_Task instructions_.
The material below includes pictures; leave them out and return only the lines between the line containing "TARAKAN - Pj." and the line containing "Pedestrian streets and", inclusive, word for word.

_Information provided_.
* * * *

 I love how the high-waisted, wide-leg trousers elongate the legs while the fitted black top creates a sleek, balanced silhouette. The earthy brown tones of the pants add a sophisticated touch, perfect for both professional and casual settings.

* * * *

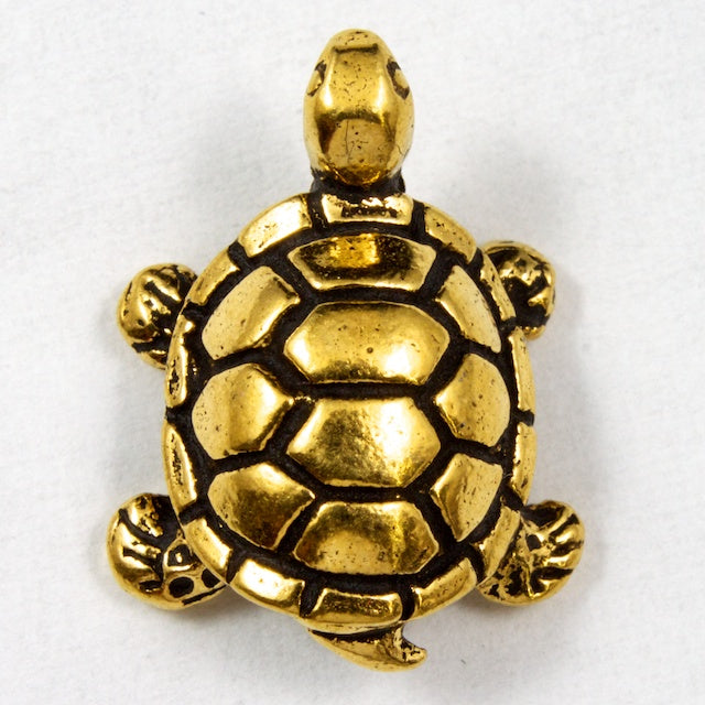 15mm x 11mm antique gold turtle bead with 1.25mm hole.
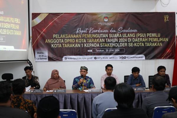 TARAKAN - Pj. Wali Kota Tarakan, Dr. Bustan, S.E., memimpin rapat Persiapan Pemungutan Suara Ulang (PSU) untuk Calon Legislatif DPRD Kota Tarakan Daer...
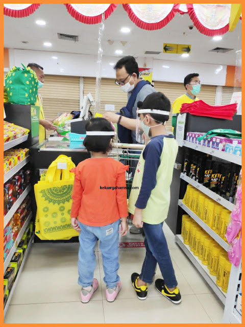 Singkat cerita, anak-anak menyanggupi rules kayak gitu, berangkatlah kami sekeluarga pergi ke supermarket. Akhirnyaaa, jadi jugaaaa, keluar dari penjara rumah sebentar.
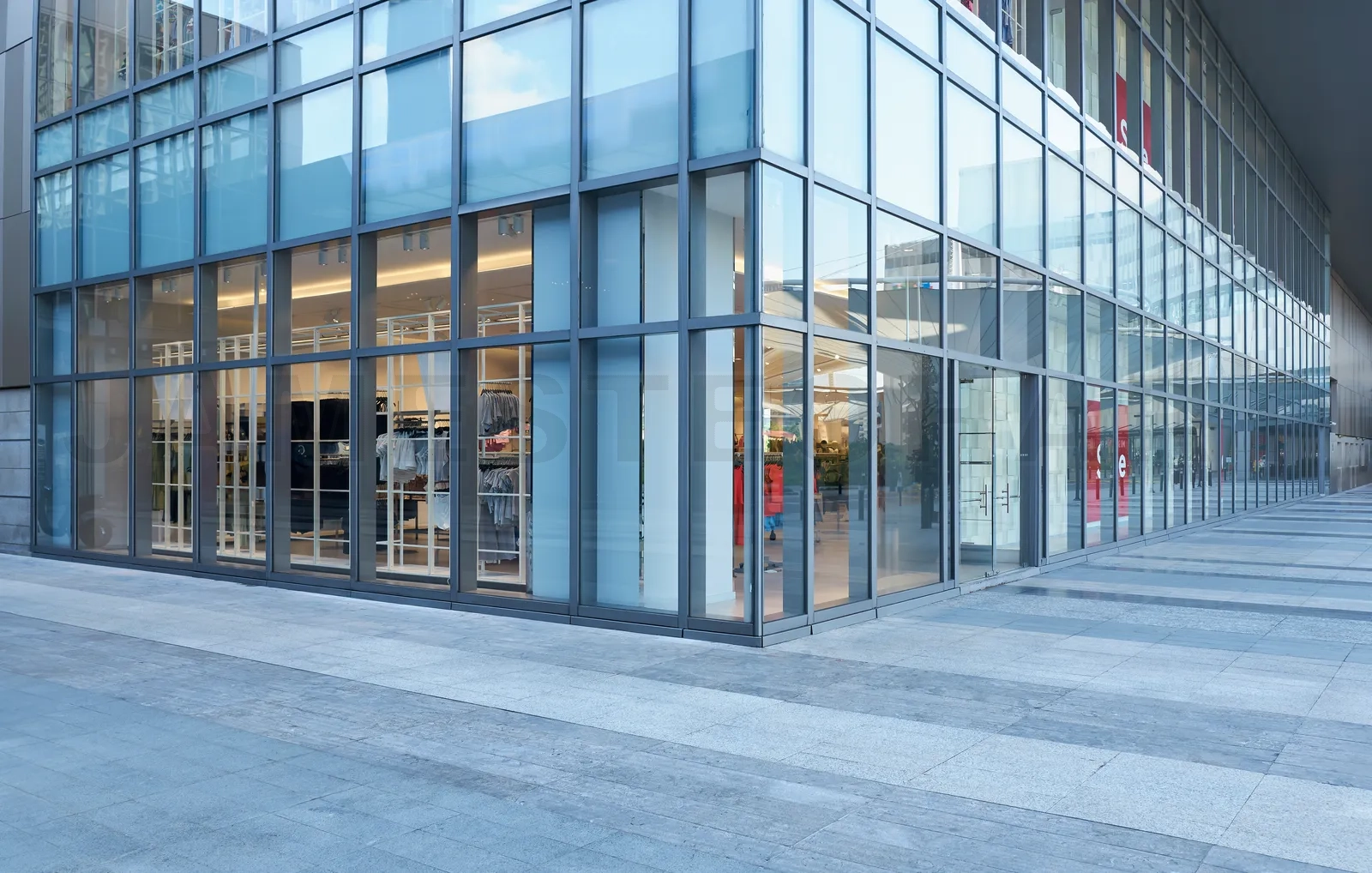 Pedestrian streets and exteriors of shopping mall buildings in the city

* * * *

_Result of the task_.
 TARAKAN - Pj. Wali Kota Tarakan, Dr. Bustan, S.E., memimpin rapat Persiapan Pemungutan Suara Ulang (PSU) untuk Calon Legislatif DPRD Kota Tarakan Daer...
 Singkat cerita, anak-anak menyanggupi rules kayak gitu, berangkatlah kami sekeluarga pergi ke supermarket. Akhirnyaaa, jadi jugaaaa, keluar dari penjara rumah sebentar.
 Pedestrian streets and exteriors of shopping mall buildings in the city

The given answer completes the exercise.